Another pattern I’ve seen with table layouts is to include an element of redundancy to include both labels and identifiers for something referenced in a row. Going back to the sales report example, we might structure this as follows:
region_id, region_name, customer_id, customer_name, product, total
This allows an identifier (which might be a URI) to be provided alongside a human-readable name. This makes the data more readable, at the cost of increasing file size. But it does avoid the need to publish a separate lookup table of identifiers.
You might also sometimes fine a need for repeated values. This is sometimes handled by adding additional redundant columns, e.g. “SICCode1″…”SICCode4” as used in the Companies House data. This works reasonably well and should be handled by most tools, at the potential cost of having lots of extra columns and a sparsely populated table. The alternative is to use a delimiter to put all the values in a single CSV. Again, CSV on the Web defines ways to process this.

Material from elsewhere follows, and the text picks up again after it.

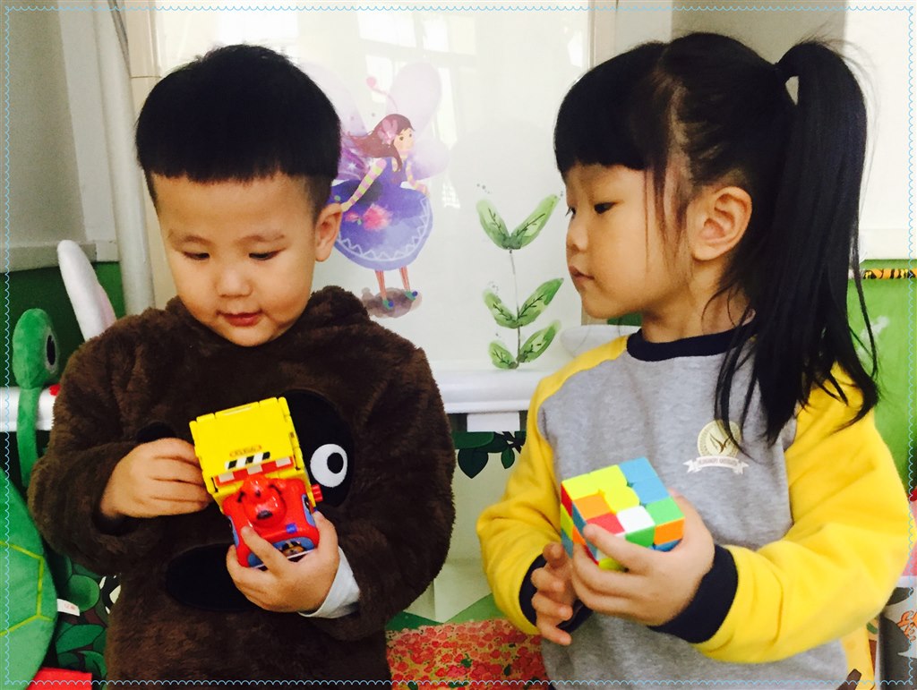 今天教学的第一环节的设计是展示玩具,主要是孩子介绍自己的玩具及玩法。第二环节的设计是给玩具分类,孩子能把各个不同的玩具分别放入筐内,并会给它们的家取名,这个叫积木家,汽车家,动物家,娃娃家 …… 第三个环节是学会与同伴“分享玩具”。为使幼儿的分享行为能够持续不断地进行下去,我给孩子们建立的“分享规则”平等分享,共同分享,轮流分享。今天和孩子们一起讨论:“当别人把自己的玩具给你玩时,你是不是很高兴?如果不给你玩,你是不是很难过?”让幼儿通过情感换位来体会,感受别人的心理,并学会站在别人的角度来思考问题,从而建立起平等分享。

And finally we have to decide how to include values in the individual cells. In the section on parsing the CSV on the Web recommends XML Schema data types and date formats as a default, but also allows formats to be defined in an accompanying metadata file.
Other things to think about are more application specific issues, such as how to specify co-ordinates, e.g. lat/lng or lng/lat?
Again, you should think about likely uses of the data and how, for example data and date formats might be interpreted by spreadsheet applications as well as other internationalisation issues.
This is just an initial list of thoughts. CSV on the Web clearly provides a lot of useful guidance that we can now build on, but there are still reasonable questions and trade-offs to be made. I think I’d also now recommend always producing a CSV on the Web metadata file along with any CSV file to help document its structure and any of the decisions made around its design. It would be nice to see the Tabular Data Package specification begin to align itself with that standard.
I suspect there a number of useful tips and guidance which could be added to what I’ve drawn up here. If you have any comments or thoughts then let me know.